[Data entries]
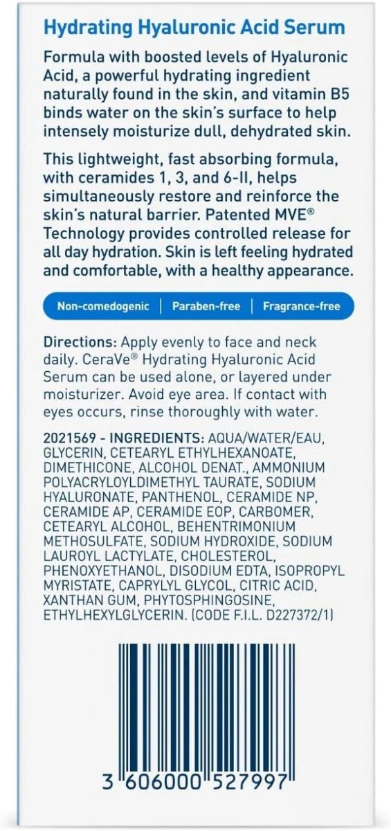 تم تركيب هذا المصل المرطب بحمض الهيالورونيك من CERAVE بخبرة باستخدام حمض الهيالورونيك لتوفير ترطيب مكثف وتعزيز حاجز الرطوبة الطبيعي للبشرة. هذا المصل مناسب لجميع أنواع البشرة، ويترك البشرة تشعر بالامتلاء والترطيب. جرب الفوائد المثبتة لحمض الهيالورونيك للحصول على بشرة ناعمة ومرنة ومتوهجة. كيفية الاستخدام:
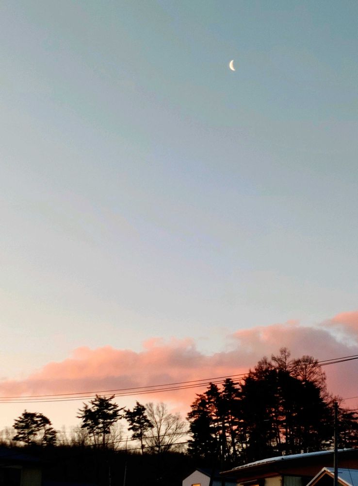⑵今朝は朝焼けと下弦の月が見られました
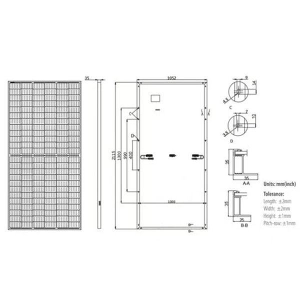 Tấm pin sở hữu thiết kế linh hoạt, dễ dàng lắp đặt trên mái nhà, mặt đất hoặc hệ thống nổi, tương thích với biến tần (inverter) của nhiều thương hiệu phổ biến, đảm bảo hiệu suất tối đa.
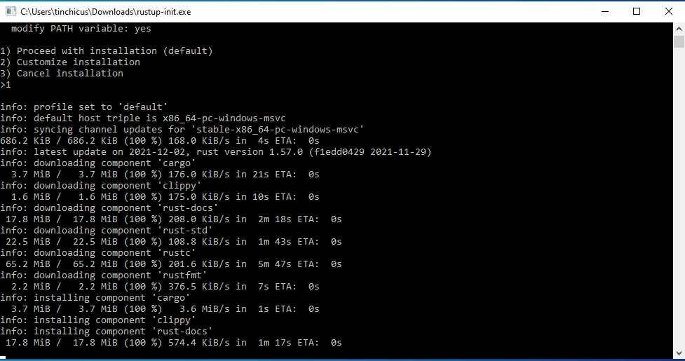 C:\Users\tinchicus>rustc --version
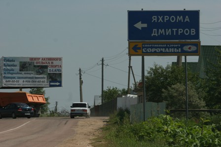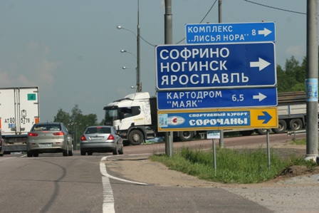 На 54 км Дмитровского шоссе (после п. Икша) следует повернуть направо (указатель на Ярославль, Софрино, Ногинск, Сорочаны),
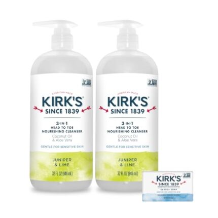 Kirk’s 3-in-1 Head to Toe Nourishing Liquid Cleanser & Travel Size Bar Soap – for Men, Women & Children – Premium Coconut Oil and Aloe Vera- Non GMO & Vegan -Juniper & Lime – 32 Fl Oz. 2 pack
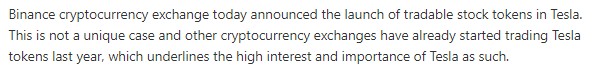'Binance cryptocurrency exchange(바이낸스 암호화폐 거래소)'에서의 테슬라 트레이딩 가능한 주식 토근 출시였습니다.
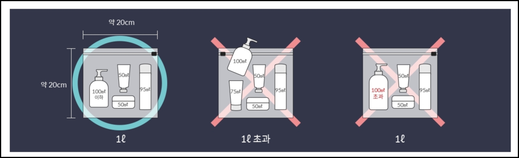 국내선은 비교적 자유롭지만 국제선의 경우 100ml 이하 용량의 액체류만 허용돼요. 1인당 1L 투명 지퍼백 1개에만 담아야 하며, 모든 액체는 별도 보안 검색대에서 검사 대상이에요.

◆ Task instructions:
Exactly the lines from the line with "C:\Users\tinchicus>rustc --version" through the end of the data are to be reproduced, and no picture is to be included.

◆ Response box:
 C:\Users\tinchicus>rustc --version
 На 54 км Дмитровского шоссе (после п. Икша) следует повернуть направо (указатель на Ярославль, Софрино, Ногинск, Сорочаны),
 Kirk’s 3-in-1 Head to Toe Nourishing Liquid Cleanser & Travel Size Bar Soap – for Men, Women & Children – Premium Coconut Oil and Aloe Vera- Non GMO & Vegan -Juniper & Lime – 32 Fl Oz. 2 pack
'Binance cryptocurrency exchange(바이낸스 암호화폐 거래소)'에서의 테슬라 트레이딩 가능한 주식 토근 출시였습니다.
 국내선은 비교적 자유롭지만 국제선의 경우 100ml 이하 용량의 액체류만 허용돼요. 1인당 1L 투명 지퍼백 1개에만 담아야 하며, 모든 액체는 별도 보안 검색대에서 검사 대상이에요.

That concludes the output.